Relevant Information

  • Customized retention can be created as needed; Contact Xtracta support for this option.
  • Xtracta is EU Article 17 – GDPR compliant if requested.
  • On-premises installations can have retention policies based on partner requirements.
  • For API users, document URLs are not fixed. For the first three days, they remain in place; over the next 90 days, they will move as storage changes.

What happens if I run out of documents?

When a document is uploaded, a document Id is created. If a document is split, new document Ids are created. Each document Id is counted against the billing plan. For those groups on billing plans, if the document count reaches the group's allowance, the documents are held in a pre-processing status.

Billing Plans

There are several types of billing plans in Xtracta:

  • Monthly
  • Annual
  • Free or Trial

Certain partners use free plans (usually ten documents per month) or trial plans with more documents for up to three months. Plans renew when the time lapses.

Documents held in a Pre-Processing Status

Each billing plan has a different document count allowance and costs. When the document count reaches the allowance, additional documents can be put into the workflow, but they will be held in a pre-processing status. They will remain in this status until:

  • The plan renews
  • The plan is upgraded

In both cases, the documents will be released for processing.

Which document types does Xtracta support?

Xtracta accepts images and general documents in the following formats:

ImagesDocuments
GifDoc
HeicDocx
JpgOds
JpeOdt
JpegPdf
PipgXls
PngXlsx
Tif
Tiff
Information Circle
Email Footers

If the image in an email footer exceeds 50 pixels in height or width, it may get considered an attachment and be processed.

How does document classification work?

For learning to occur, documents must get classified. There are five ways of determining class:

  1. Primary classifier: Using features on the document (email addresses, phone numbers, URLs, etc.).
  2. String classifier: A field is specified to use for classification. After five documents have been trained using the same string, they get the same class.
  3. Fixed class: Used for forms that always look the same (templates). Xtracta support will need to assist with this.
  4. Ignore class: For dissimilar documents (contracts, etc.), fields are trained using custom models. Xtracta would need to assist with this.
  5. Custom Classifier: If you know the document source, you can pass a value via API to assign class. Not commonly used, but very helpful for some cases.

Another option is “String fallback to primary”: the workflow uses the string classifier first, if available, otherwise the primary classifier. Ideally, several documents from a particular supplier would be added to the workflow. If they get a class, then training and learning can occur. If the documents do not get a class, then the string classifier field would need to be used.
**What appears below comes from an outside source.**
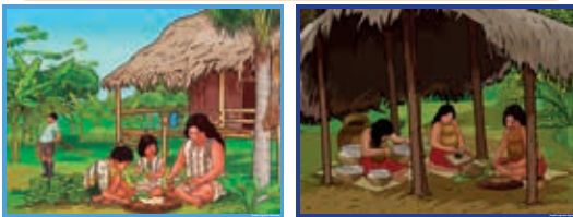
Láminas de pueblos amazónicos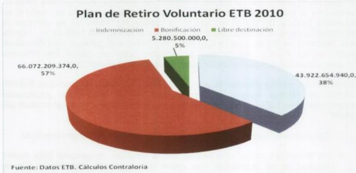
Gráfico No. 1

After classification, documents are assigned a design (in general, documents from the same class that look alike).

What are the maximum file sizes?

Xtracta works with different document sizes, depending on how the document is sent into the workflow.

Via API / Web Uploader

  • Maximum POST: 110 MB
  • Maximum file size: 100 MB

Via Email

  • Maximum file size: 127.98 MB

Via FTP

  • Maximum file size: 200 MB

What are the Web Browser Requirements for Xtracta?

To ensure optimal performance and compatibility, we recommend using the latest versions of the following web browsers when accessing the Xtracta user interface:

  • Google Chrome
  • Mozilla Firefox
  • Apple Safari
  • Microsoft Edge

Keeping your browser up to date helps guarantee a smooth and secure experience.